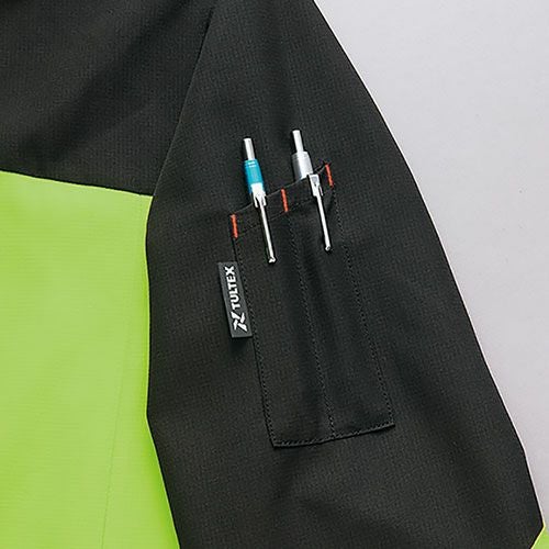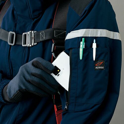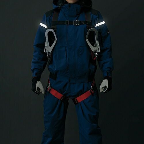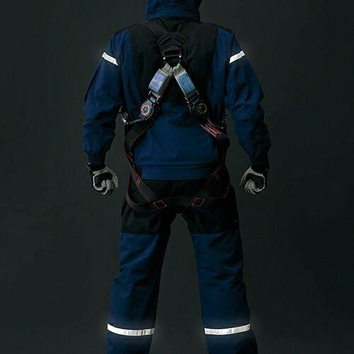 フルハーネス対応防寒防寒着の上からフルハーネス着用(目視での点検が可能)透湿・防水・制電生地仕様 ●表地、裏地、中綿に制電素材を使用しハーネス装着時に干渉する部分に補強素材を使用●衣服内の温度を調節できるベンチレーション機能、フルハーネス着用時にも使用可能な大型ポケット等、こだわりの仕様●耐水圧 10000mmH2O、透湿度 8000g/m2/24hrs
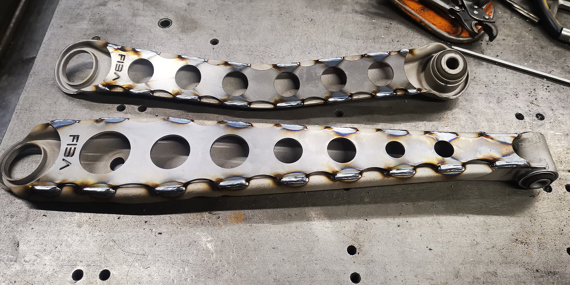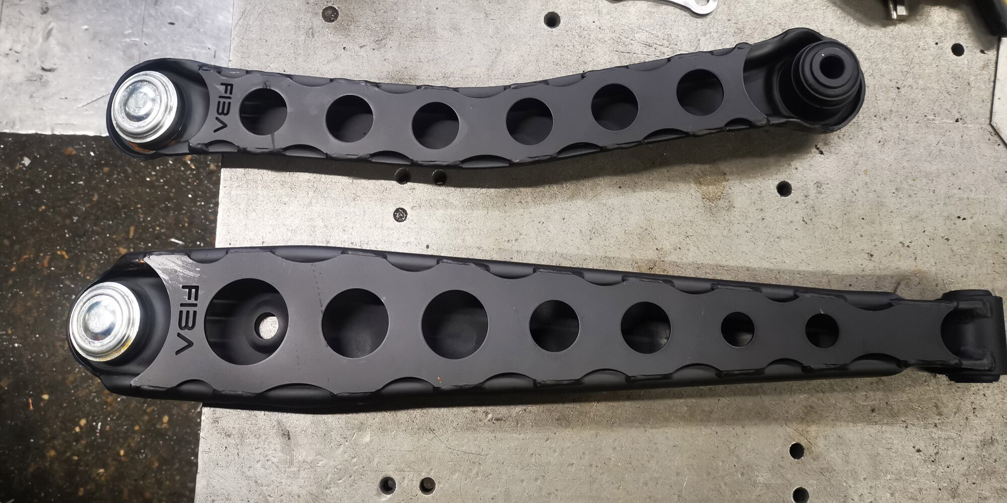 These strengthening plates are designed for the (AWD) Rear Lower and Upper Control Arms (LCA & UCA). They seamlessly weld into place, featuring weight-saving holes and integrated drain passages (and look pretty fancy if I do say so myself!).
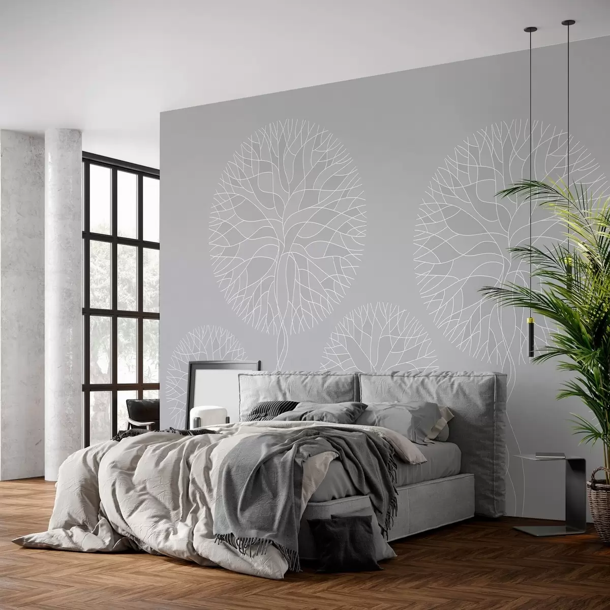 Fotomurales Árboles lineales fantásticos con copas frondosas en tonos gris claro. Nr. w05213v4
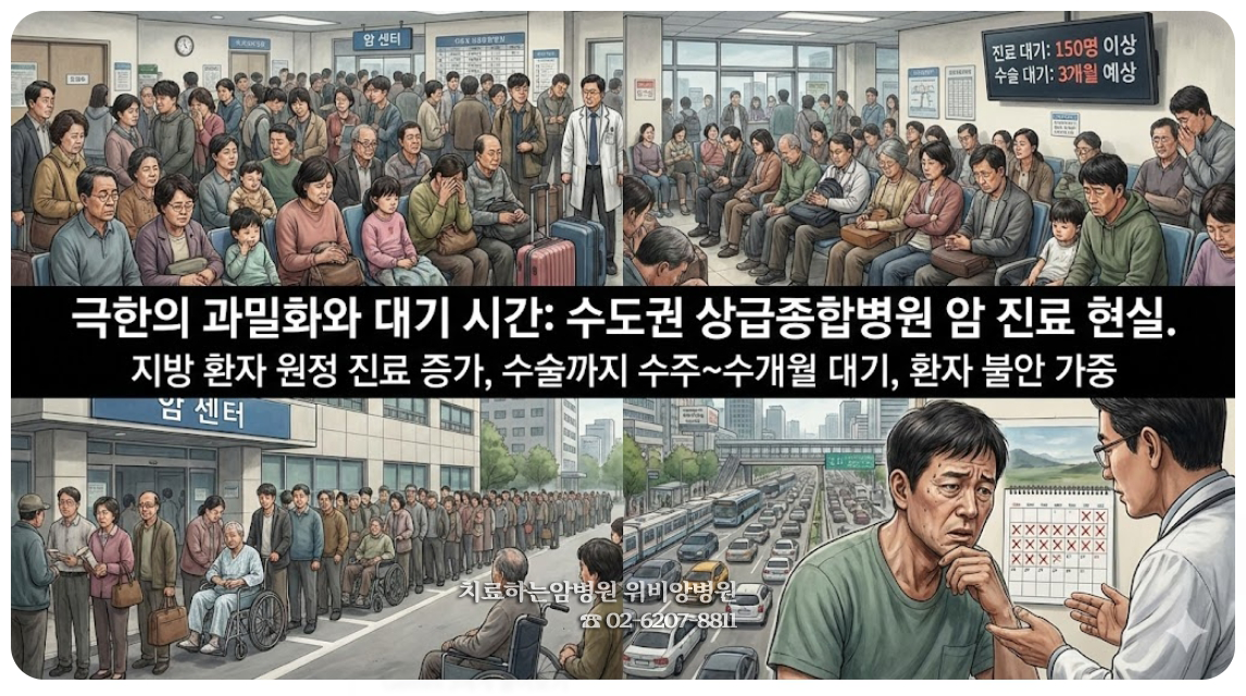 국내 암 환자의 생존율은 세계 최고 수준이지만, 의료 전달 체계에는 뚜렷한 불균형이 존재합니다. 서울 아산병원, 삼성서울병원, 서울대병원, 세브란스병원, 서울성모병원 등 이른바 '빅5' 병원으로 암 환자가 집중되는 현상은 매년 심화되고 있습니다.
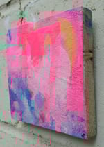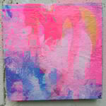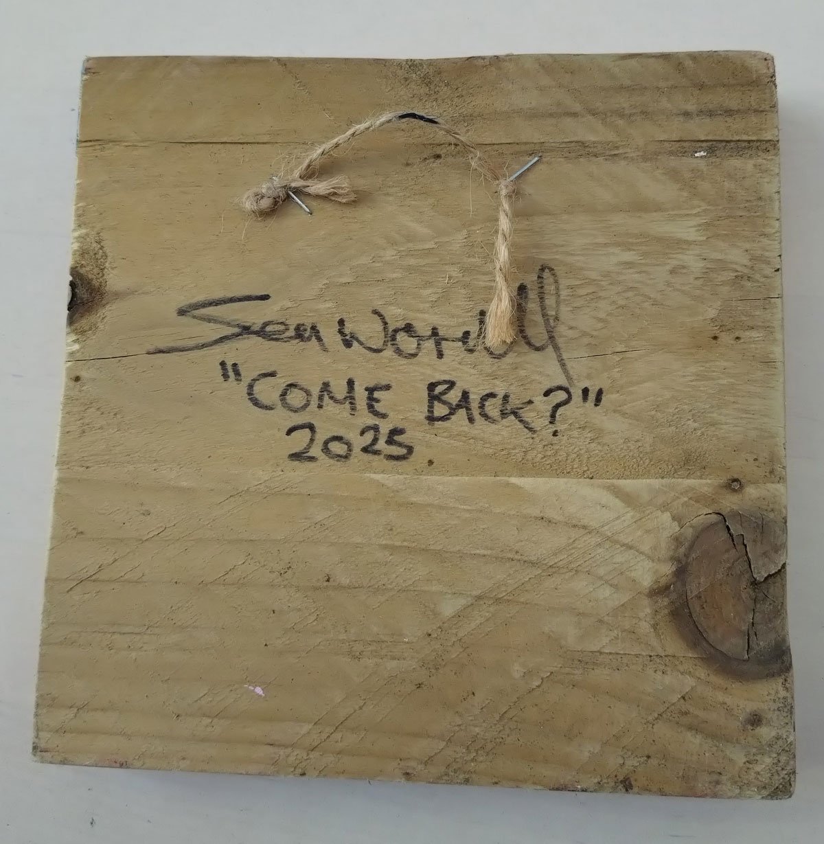 Come Back? (August 2025) Acrylic, gloss varnish on found wood, 14x14x2cm - A smaller painting concluded on a piece of wood found on the street, a piece of wood found, cleaned and put to good use (well I hope it is considered good use?)
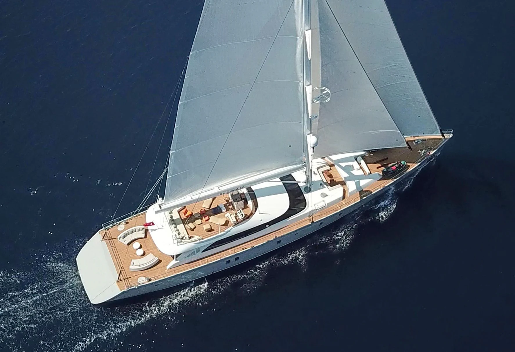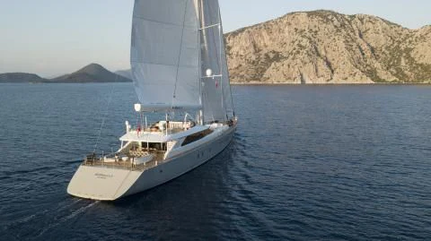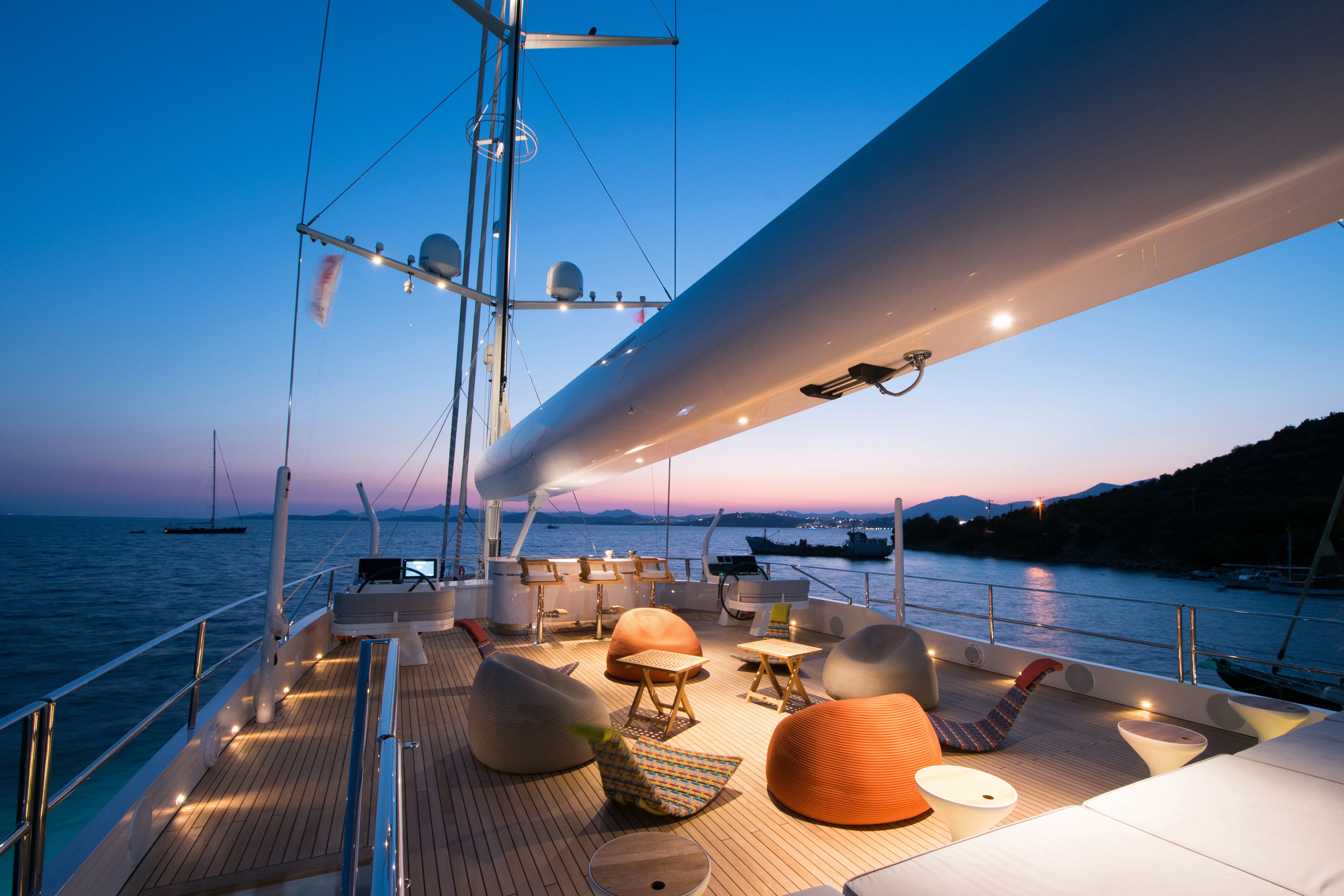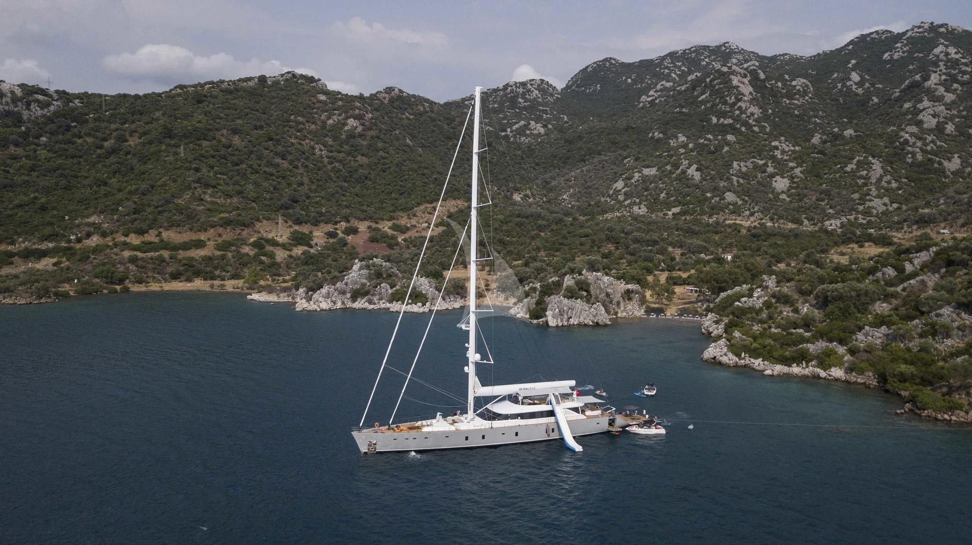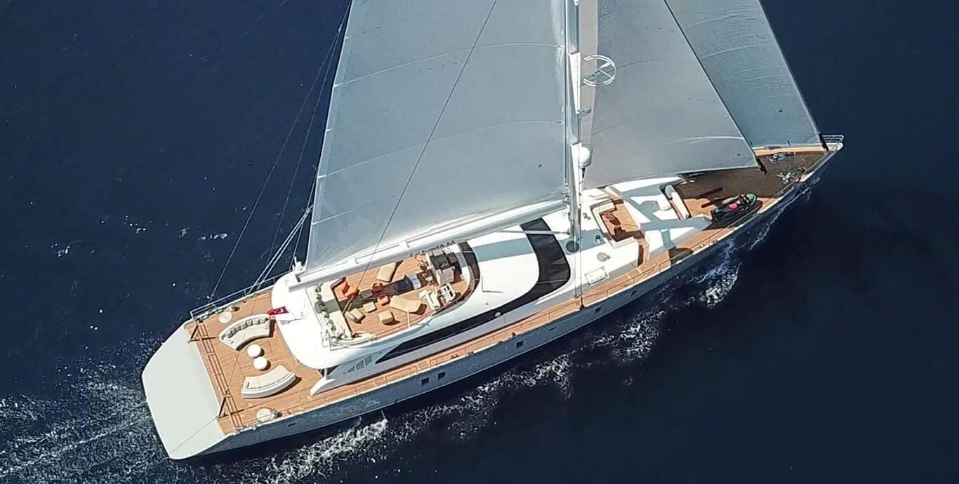 ALL ABOUT U 2 has an aluminum superstructure and a steel hull. She is designed to offer guests a superior sailing performance on the open seas, and her charters in the Mediterranean enable her to show off her cruising capabilities. Powered by twin Caterpillar engines, she cruises at 12 knots as she escorts guests along the Turkish coastlines. She has a top speed of 16 knots. ALL ABOUT U 2 is staffed by an expert crew of 10. This talented team creates compelling itineraries and ensures every detail of a charter is exceptional. The six private staterooms comprise a master, a VIP and four doubles. The master is full-beam and incorporates a dressing room.
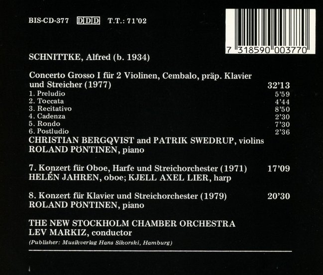 Schnittke : 3 Concertos/THE NEW STOCKHOLM CHAMBER ORCHESTRA, LEV MARKIZ
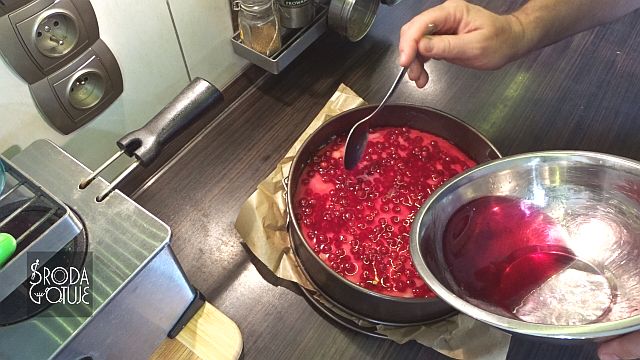 17. Jeśli galaretka jest juz mocno zimna i widać, że jest na krawędzi zastygnięcia (objawia się to np. zastyganiem jej na brzegach miski), wylewamy ją delikatnie za pomocą łyżki na całą tartę. Po tej operacji, trzeba tartę schłodzić co najmniej kilka godzin w temp. poniżej 10 st.
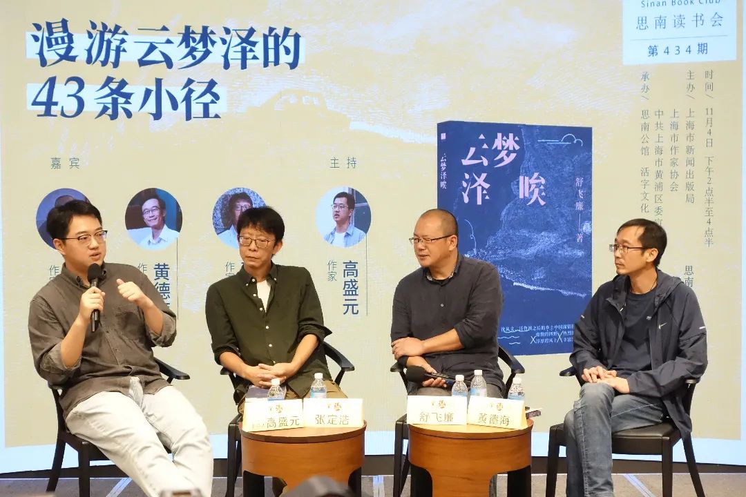 2023年11月4日,張定浩、黃德海、舒飛廉做客思南文學(xué)之家,第434期思南讀書會如期展開。本次對談由高盛元主持,以“漫游云夢澤的43條小徑”為主題,從舒飛廉新書《云夢澤唉》開始談起,給讀者們帶來了一場緊緊圍繞“鄉(xiāng)土”的新書分享會。
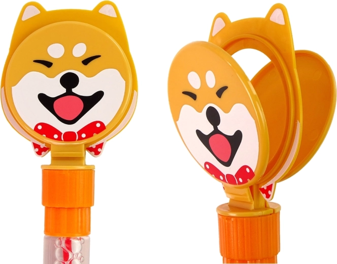 Această jucărie este potrivită pentru evenimente speciale sau pentru joaca împreună în grădină. Recipientul are forma unei sticle alungite, iar la capăt se află un cățeluș. Are și o funcție suplimentară: în mișcare emite un sunet de clic, oferind nu doar efecte vizuale, ci și sonore.
● ● ● ● ●
=== What you have to do ===
The images are to be left out while the entries are written out exactly.

=== Reply to the exercise ===
 フルハーネス対応防寒防寒着の上からフルハーネス着用(目視での点検が可能)透湿・防水・制電生地仕様 ●表地、裏地、中綿に制電素材を使用しハーネス装着時に干渉する部分に補強素材を使用●衣服内の温度を調節できるベンチレーション機能、フルハーネス着用時にも使用可能な大型ポケット等、こだわりの仕様●耐水圧 10000mmH2O、透湿度 8000g/m2/24hrs
 These strengthening plates are designed for the (AWD) Rear Lower and Upper Control Arms (LCA & UCA). They seamlessly weld into place, featuring weight-saving holes and integrated drain passages (and look pretty fancy if I do say so myself!).
 Fotomurales Árboles lineales fantásticos con copas frondosas en tonos gris claro. Nr. w05213v4
 국내 암 환자의 생존율은 세계 최고 수준이지만, 의료 전달 체계에는 뚜렷한 불균형이 존재합니다. 서울 아산병원, 삼성서울병원, 서울대병원, 세브란스병원, 서울성모병원 등 이른바 '빅5' 병원으로 암 환자가 집중되는 현상은 매년 심화되고 있습니다.
 Come Back? (August 2025) Acrylic, gloss varnish on found wood, 14x14x2cm - A smaller painting concluded on a piece of wood found on the street, a piece of wood found, cleaned and put to good use (well I hope it is considered good use?)
 ALL ABOUT U 2 has an aluminum superstructure and a steel hull. She is designed to offer guests a superior sailing performance on the open seas, and her charters in the Mediterranean enable her to show off her cruising capabilities. Powered by twin Caterpillar engines, she cruises at 12 knots as she escorts guests along the Turkish coastlines. She has a top speed of 16 knots. ALL ABOUT U 2 is staffed by an expert crew of 10. This talented team creates compelling itineraries and ensures every detail of a charter is exceptional. The six private staterooms comprise a master, a VIP and four doubles. The master is full-beam and incorporates a dressing room.
 Schnittke : 3 Concertos/THE NEW STOCKHOLM CHAMBER ORCHESTRA, LEV MARKIZ
 17. Jeśli galaretka jest juz mocno zimna i widać, że jest na krawędzi zastygnięcia (objawia się to np. zastyganiem jej na brzegach miski), wylewamy ją delikatnie za pomocą łyżki na całą tartę. Po tej operacji, trzeba tartę schłodzić co najmniej kilka godzin w temp. poniżej 10 st.
 2023年11月4日,張定浩、黃德海、舒飛廉做客思南文學(xué)之家,第434期思南讀書會如期展開。本次對談由高盛元主持,以“漫游云夢澤的43條小徑”為主題,從舒飛廉新書《云夢澤唉》開始談起,給讀者們帶來了一場緊緊圍繞“鄉(xiāng)土”的新書分享會。
 Această jucărie este potrivită pentru evenimente speciale sau pentru joaca împreună în grădină. Recipientul are forma unei sticle alungite, iar la capăt se află un cățeluș. Are și o funcție suplimentară: în mișcare emite un sunet de clic, oferind nu doar efecte vizuale, ci și sonore.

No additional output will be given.